Technical outlook: Nifty surpassed a record 17,000 last month, but with strong economic data, the goal is to climb to the 18,000 level by the end of the year. The outlook for the month remains positive, although we may see some correction throughout this bull market, mainly due to concerns about high valuations. Looking at the technicals, September has an immediate resistance at 17600 and a big resistance at the 18000 level. There is immediate support at the 16700 level and great support at the 16200 level. Nifty50’s RSI is around 77, indicating it’s close to the overbought zone.
global outlook
Although the global market outlook remains positive, investors are cautious as delta variant cases are on the rise.
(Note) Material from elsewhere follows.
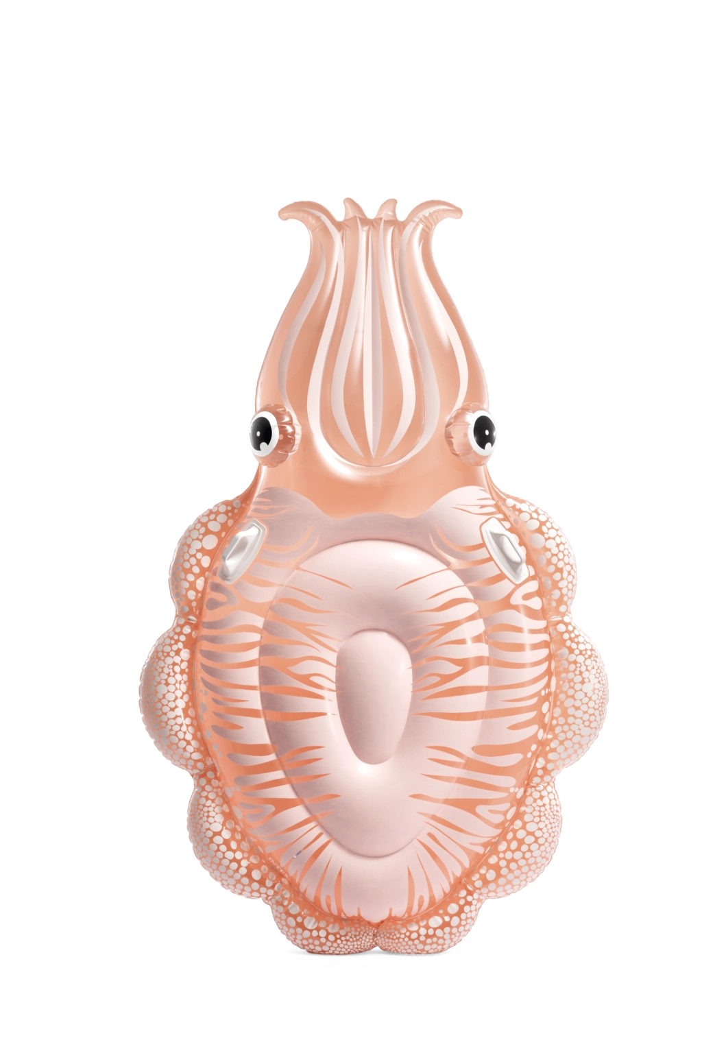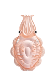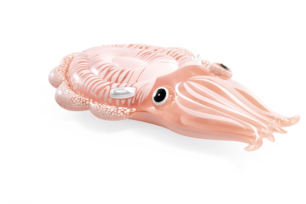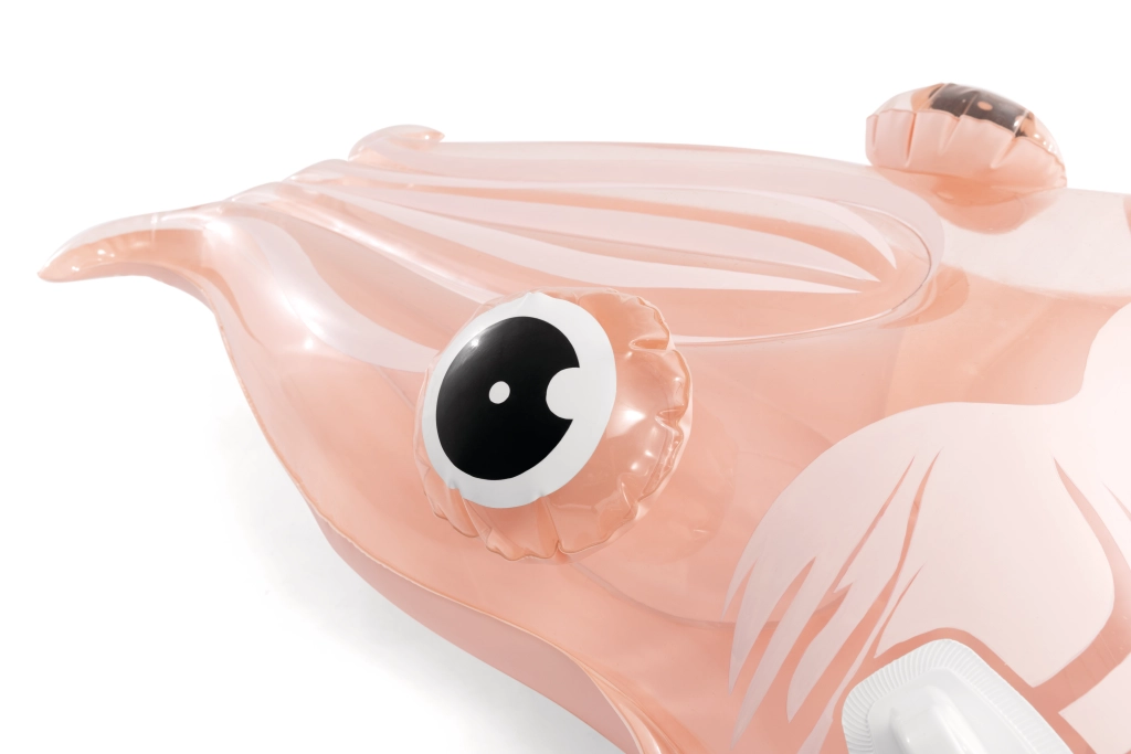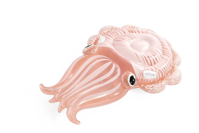 Die aufblasbare Liege in Oktopus-Form verbindet ein originelles Erscheinungsbild mit praktischen Funktionen für sicheren Wasserspaß. Das transparente PVC mit rosa–orangem Schimmer und den markanten Details des Oktopuskörpers wirkt sehr ansprechend und passt perfekt zur sommerlichen Atmosphäre am Pool oder an ruhigen Naturgewässern.

The U.S. economy continues to grow at a healthy pace, and the chairman of the U.S. Federal Reserve said at its meeting last Friday that the rise in inflation is likely to be temporary and will continue to monitor the situation closely. repeated to do The Eurozone continued to grow at a strong pace in August and is expected to continue this month, though it may slow down slightly, mainly due to disruptions in his supply chains. Indicators point to a slowdown in China’s economy, with rising infections, new restrictions on movement, supply chain bottlenecks and natural disasters. The outlook remains bright, although some consolidation and minor setbacks are likely.
GOLD Outlook
The gold market is trading flat and corrected in August. Gold in August he stayed in the 47,000-48,000 range. The depreciation of the dollar against the rupee could affect gold rates, reflecting the drop in gold prices in the domestic market since the dollar-to-rupee conversion improved. Gold has been underperforming since mid-2020 due to a strong uptrend in the stock market. There is no big trend and it could be flat for now.
What should the customer do?
We said in our past market outlook that the market was displaying stretched valuations, but the trend is positive. The market has seen a lot of movement, resulting in a staggering return since his fall of March 2020 due to the pandemic. Now it’s worth mentioning the theory of reflexivity to explain this move a bit. Reflexivity in economics is the theory that there is a feedback loop in which investor perceptions affect economic fundamentals, which in turn change investor perceptions. Reflexivity theory states that investors do not make decisions based on reality, but rather on their perception of reality. This process is self-reinforcing and tends toward imbalances, where prices become increasingly detached from reality. George Soros famously formulated the general theory of reflexivity that markets always react to extreme ups and downs, explaining cycles of booms and busts. However, theory has its limits and cannot time market tops and bottoms. Investors should always follow a disciplined approach to investing and follow a prudent asset allocation process.